Laura Ryan

Personal information
- Full name: Laura Ryan
- Born: July 4, 1992 (age 33) Burnsville, Minnesota
- Home town: Elk River, Minnesota
- Height: 5 ft 5 in (1.65 m)

Sport
- Country: United States
- Event(s): 1m, 3m, 3m synchro, 10 meter platform diving
- College team: University of Georgia
- Club: Georgia Dive Club
- Partner: Meghan Houston
- Former partner: Amy Cozad

Medal record
Women's diving
Representing the United States
International diving competitions
| Event | 1st | 2nd | 3rd |
| Summer Universiade | – | 1 | 1 |
Summer Universiade
| Silver medal – second place | 2013 Kazan | Team |
| Bronze medal – third place | 2013 Kazan | 3 m Springboard Synchro |

= Laura Ryan =

American diver

Laura Ryan (born July 4, 1992) is an American international diver from Elk River, Minnesota. She competes in one and three meter individual springboard diving and 10 meter platform diving as well as three meter synchronized springboard. She dove collegiately at Indiana University (IU) and the University of Georgia (UGA). At UGA she was a two-time NCAA champion.

==Diving career==

===Early career===
Ryan graduated from Elk River High where she was coached by Jason Baumann. She won the Minnesota state high school championship in 2007 and was a three-time Amateur Athletic Union (AAU) national champion.

===Collegiate career===
Ryan began her college career at Indiana University (IU) and as a freshman during the 2010–2011 season won platform, finished second on 1-meter and third on 3-meter at the Big Ten Conference championship. As an IU sophomore the next year, she finished eighth on 3-meter and 12th on both 1-meter and platform at the NCAA Women's Swimming and Diving Championships.

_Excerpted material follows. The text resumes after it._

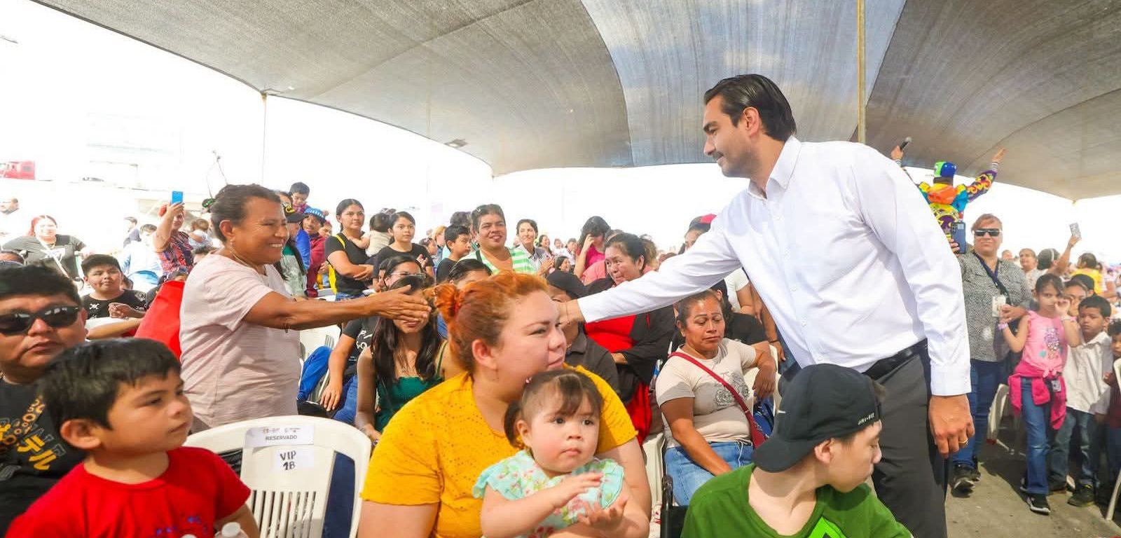 «Estamos muy muy felices de celebrar con cada uno de ustedes lo más sagrado que tenemos en la vida: nuestros hijos, nuestras hijas, nuestros papás, nuestras mamás, nuestras abuelitas. Lo que nos hace felices en la vida», dijo con mucho entusiasmo el Presidente Municipal, encontrando muchas sonrisas y aplausos en los asistentes.
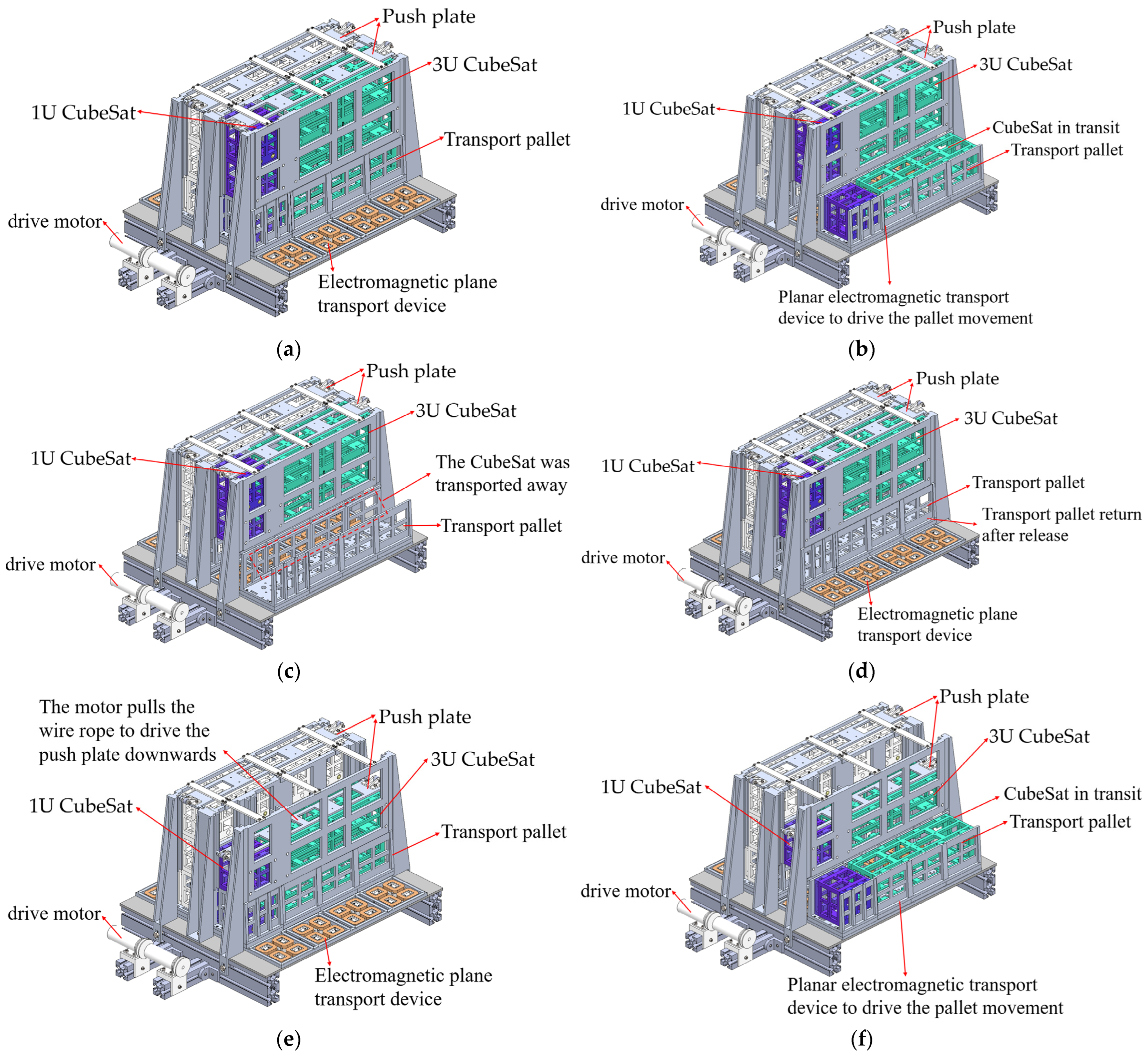 Figure 5 shows a schematic diagram of the CubeSat transit process. Our device was designed with a completely different mindset than a conventional CubeSat deployer. Conventional CubeSat deployers are equipped with individual box bins for each stored CubeSat for storage, ensuring that the release environment of each CubeSat is not interfered with by other CubeSats. Conventional CubeSat deployers are unable to stack CubeSats for storage, reducing space utilization. Instead, our storage device will work with the designed electromagnetic transfer platform and electromagnetic ejection device for release, as shown in Figure 5. The transfer pallet transfers the CubeSats loaded in it to the designated location on the electromagnetic transfer platform. The electromagnetic ejection device releases the CubeSat for launching. After that, the transfer pallet returns to the bottom of the storage device to continue receiving the CubeSats. A wire rope with a pusher plate pushes the whole row of CubeSats downwards until the permanent magnets on the transfer tray attract the patches on the CubeSats. Subsequently, the CubeSat will enter the transfer tray, and at this time the motor will turn off and push the plate to stop moving. The upper layer of the CubeSat is stuck by the wave bead screw on the storage device to achieve passive locking. Repeating the transfer, release, and push actions, the CubeSats can be stacked to achieve non-interference in their separation and release. In the design process, we stacked different kinds of CubeSats for storage, and separated the stacked CubeSats by a motor, a wire rope, and a pusher plate, so that the stacked CubeSats would not affect each other when they were released. Our device utilizes a lower volumetric mass of wire rope, push plates, and wave bead screws for separation, reducing the additional mass. This design, in conjunction with a storage device for stacking and storing CubeSats, effectively improves space utilization while providing great expandability.

For her junior year, Ryan transferred to the University of Georgia (UGA) in Athens, Georgia and trained under UGA dive coach Dan Laak. As a junior Ryan was selected as a First-Team All-SEC member after finishing first on 3-meter, third on platform and 18 on 1-meter at the SEC Championships en route to helping UGA win a fourth consecutive SEC Women's conference title. She then finished fifth on platform and 13th on 3-meter at the NCAA Women's Swimming and Diving Championships to help the UGA women win the National championship. Ryan was also selected by USA Diving for the Olympic Performance Squad, the United States Canada Cup Team and the FINA Grand Prix team. Ryan also earned a spot on the UGA Athletic Director's honor roll and was selected by the College Swimming Coaches Association of America as a First-Team Scholar All-American as a psychology major.

Before Ryan's senior season in 2013-2014, she suffered a broken kneecap that hampered her most of the season; however, she rebounded with a first-place finish in 3-meter and platform and a third-place finish in 1-meter to help UGA win its fifth consecutive Women's SEC championship. At the NCAA Championships, she won individual championships in both the 1 meter and 3 meter springboard events and finished third in the 10 meter platform event as UGA won a second consecutive Women's team national championship. Academically, Ryan was selected for the UGA Student-Athlete Leadership Academy, the Ramsey Scholarship for Academic/Athletic Excellence, the UGA Athletic Director's Honor Roll and the Dean's List.

===International career===
In 2013, Ryan teamed with Meghan Houston to win the bronze medal in women's synchronized 3-meter at the World University Games in Kazan, Russia, and Ryan also won silver in the team competition. The 2014 season marks Ryan's fifth consecutive year as a member of the United States national diving team (2010 - 2014). Ryan has also qualified for the 19th FINA Diving World Cup that will take place in Shanghai in 2014.